Federal Rule of Evidence 201(b) provides that a court may take judicial notice of a fact “not subject to reasonable dispute in that it is either (1) generally known within the territorial jurisdiction of the trial court or (2) capable of accurate and ready determination by resort to sources whose accuracy cannot be reasonably questioned.” Federal courts may take notice of the contents of newspaper articles. See Ritter v. Hughes Aircraft Co., 58 F.3d 454, 458-59 (9th Cir. 1995) (holding that district court properly took judicial notice of newspaper article detailing widespread layoffs by defendant because existence of the layoffs “is a fact which would be generally known in Southern California and which would be capable of sufficiently accurate and ready determination.”). Exhibits 1 through 12, true and correct copies of which are attached to this Request for Judicial Notice, are articles that appeared in newspapers of wide circulation. The contents of each of these documents are matters of general knowledge within the territorial jurisdiction of this Court and are not reasonably subject to dispute. Accordingly, this Court can and should consider them in deciding Plaintiffs’ Motion for Preliminary Injunction.

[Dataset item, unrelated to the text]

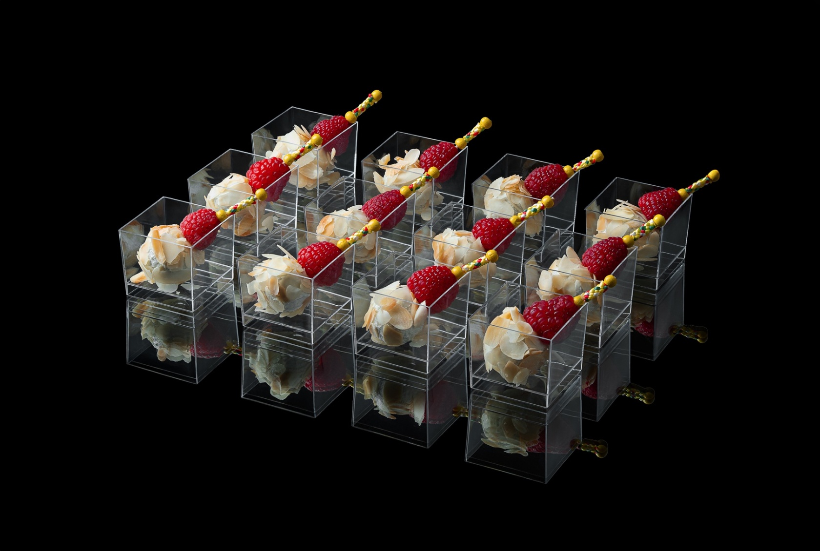 Миндально-сливочное буше с дор-блю и свежей малиной - премиальная холодная закуска в индивидуальных мини-верринах, созданная на основе тонкого вкусового контраста. Творожный сливочный сыр, смешанный с дор-блю, формирует нежный, насыщенный и многослойный крем с деликатной сырной глубиной. Миндальные лепестки добавляют хруст и лёгкий ореховый акцент, а свежая малина привносит естественную ягодную яркость и чистую кисло-сладкую ноту. Прозрачная подача подчёркивает цвет и текстуру композиции, делая буше визуально лёгким и выразительным. Закуска гармонично смотрится в премиальных фуршетных сетах и отлично сочетается с блюдами на основе сыров, мясных деликатесов и ярких ягодных акцентов.

Judicial notice of law, legislative facts, or factual matters is proper where there is no dispute as to the authenticity of those matters. See Oneida Indian Nation of New York v. New York, 691 F.2d 1070, 1086 (2nd Cir. 1982); see also Zimomra v. Alamo Rent-A-Car, Inc., 111 F.3d 1495, 1503 (10th Cir. 1997). Exhibits 13 through 23, true and correct copies of which are attached to this Request for Judicial Notice, are public statutes and ordinances enacted by state and local legislative bodies. The contents of each of these documents are readily capable of verification and are not reasonably subject to dispute. Accordingly, this Court can and should consider them in deciding Plaintiffs’ Motion for Preliminary Injunction.
Based upon the foregoing, this Court can and should take judicial notice of each of the documents described above and attached as exhibits hereto.